Ariana Grande
EDC102H
Dr. Fogleman
High School Influences

High school, for me, was hard. My first two years I got in trouble- a lot. To the point where my parents were very unhappy with me, and my grades were falling dramatically. I had always been a decent student, and my grades usually stayed above a B+, but during my first two years of high school, they hovered around a C-. The reason for my poor grades was due to many distractions. I made friends with rowdy kids, I snuck around on the weekends, and I pushed my schoolwork to the very back of the back burner. I believe that you are a product of who your friends are, and my friends were not the greatest people to be hanging around with.

My best friend at the time came from a home where her two parents were both alcoholics. They were never truly around for her, except when they were content with the amount of alcohol in their cups. They rarely asked about her schoolwork, and when they did it was a short conversation. My parents weren't aware of her parents state, so I spent a lot of time over their household, and because her parents never enforced school, we didn't care much about it either. I started to become really close with this family, and it wasn't long until the parent's drinks at the dinner table, became ours too.
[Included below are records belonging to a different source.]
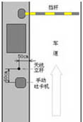 在停车场出入口处的车道隔离岛上(靠驾驶员一边)立一根读头安装杆, 杆件的直径2英寸、长度1.8米,最好使用壁厚大于1.2mm的不锈钢材料。天线立杆在隔离岛上的位置见下图。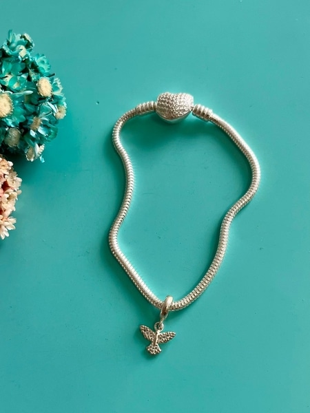 Berloque Espiríto Santo todo na prata 925 e cravejado com micro zircônias.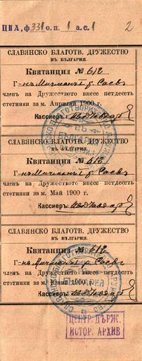 | Keywords: BASA-1951K-1-1-2-Todor Saev.JPG квитанции на Тодо Саев за платен членски внос в Славянското благотво ително д ужество в Бълга ия Todor Saev 1908-06-20 author ЦДА 1951K Тодо Саев 1 1 2 credit line exhibition history BASA Спасими <span class signature-talk >talk</span> 2015-09-28 other versions Anonymous-EU Todor Saev Slavonic Charitable Society |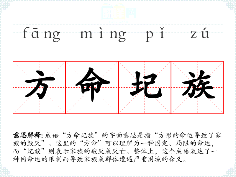成语“方命圮族”的字面意思是指“方形的命运导致了家族的毁灭”。这里的“方命”可以理解为一种固定、局限的命运,而“圮族”则表示家族的破灭或灭亡。整体上,这个成语表达了一种因命运的限制而导致家族或群体遭遇严重困境的含义。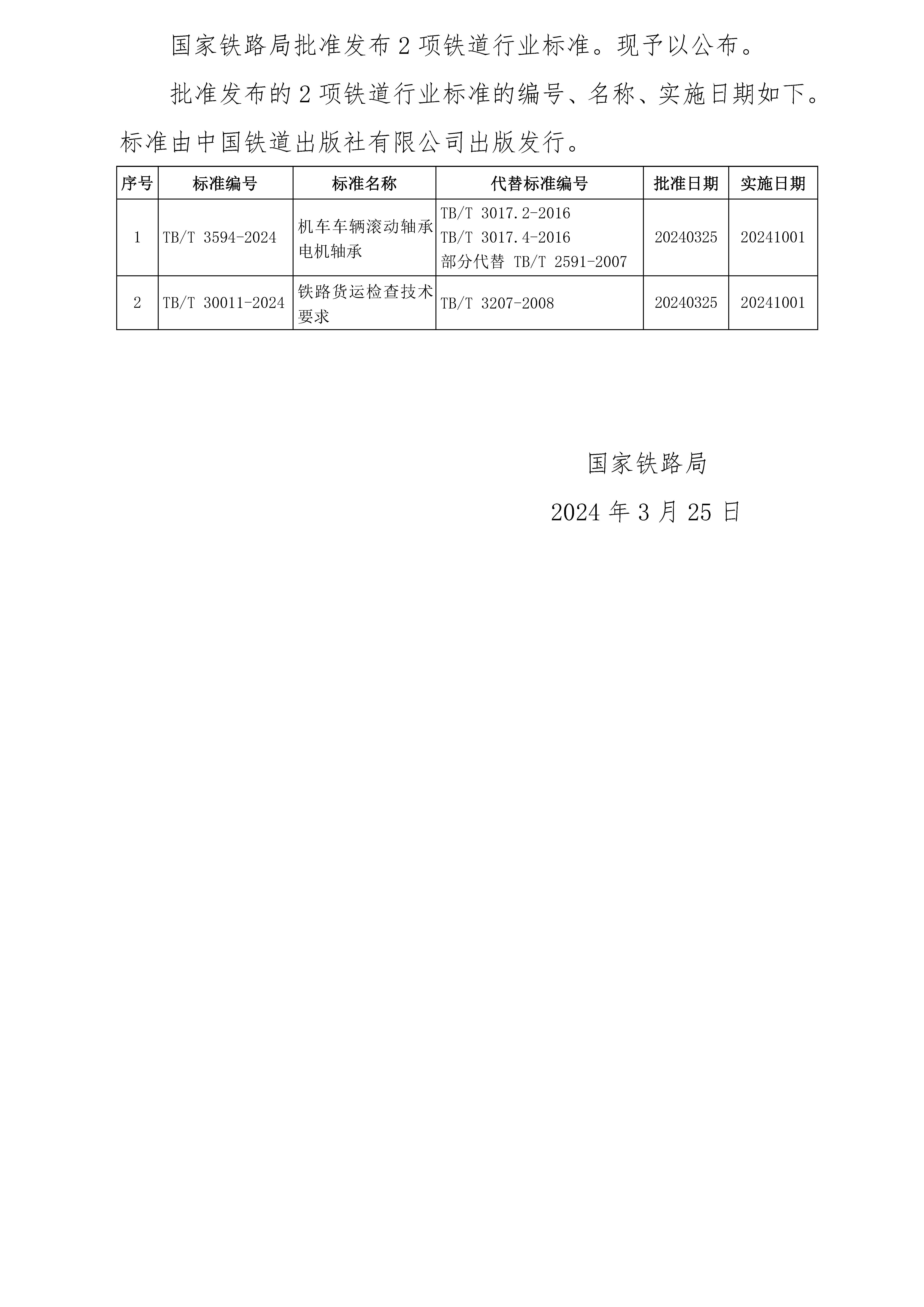 國家鐵路局關于發布鐵道行業標準的公告(技術標準2024年第2批)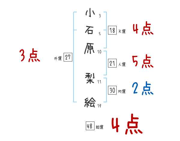人運![]() | 小石原梨絵さんの人運は21画の5つ星!統率力がある。独立し成功する。名誉を手に入れる。 性格や才能などを表す2番目に重要な運勢です。人間関係や協調性、社会的な成功に影響します。主に20歳から50歳ぐらいまでの中年期の運勢を表します。 |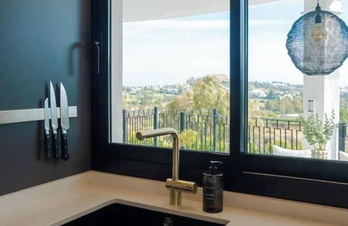 Villa also offers modern conveniences such as a smart home system to control energy and security, a wine cellar, plenty of storage space, and a parking area with space for three vehicles.. The villa is located just 0.2 km from La Quinta Golf & Country Club and padel courts, 1 km from mountain hikes, and 4 km from the beach, making it the perfect retreat in a prime location.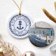 Create a unique boat keepsake with this custom photo ornament featuring your boat name and ship's registry in navy blue lettering on a nautical rope badge with an anchor illustration in the center. Add a photo of your boat to the reverse side.

Sometimes we all must learn the hard way and unfortunately that was the path that I ventured down. It wasn't until I was suspended from school for underage drinking that I finally stopped and reevaluated who my friends had to be. Being fifteen years old and being in trouble for alcohol is really embarrassing, and a lot of teachers in my school decided to look the other way. I was too much of an issue for them, and they didn't care to know my story. This all changed though when I met Mrs. White, my religion teacher. I was placed in Mrs. White's class at the beginning of my junior year. If she knew my story before, she acted like she never had because she was the sweetest person I had ever met. She taught my class more than just religion and the bible. She taught us how to be above and beyond people. The kind of people that ask how someone's day is, who would go out of their way to lend a hand, those one and a million kind of people. Mrs. White taught everyone in my class something valuable, but me, she taught me how to fix myself.

High school is way more than just books, tests, and teachers fighting over fancy overhead projectors. High school is about finding yourself, and about creating a good path for yourself. My biggest influence in high school was Mrs. White. She taught me how to keep things from the past, in the past, and to not let those past things define me. She was my teacher, my mentor, my counselor, and my friend. She was the best teacher I ever had. She was the one that pushed me to still go to tennis practice when all I wanted to do was go home and sulk. She was the one that encouraged me to talk to my parents about my friend's alcoholic parents. She was the one that sat with me while I cried about my terrible grades. High school is a time where kids can make really big mistakes. Luckily for me, I met Mrs. White just in time to fix them all. Some kids hop on the wrong path, and honestly, all they need is for someone to guide them to the right one. All they need to do is find that teacher that will take the time of day to listen. The kind of teacher that brings a student from a C- average to an A- average. The kind of teacher that clipped out the newspaper article that stated I made honors for the first time in all of high school and kept it on her desk. That kind of teacher.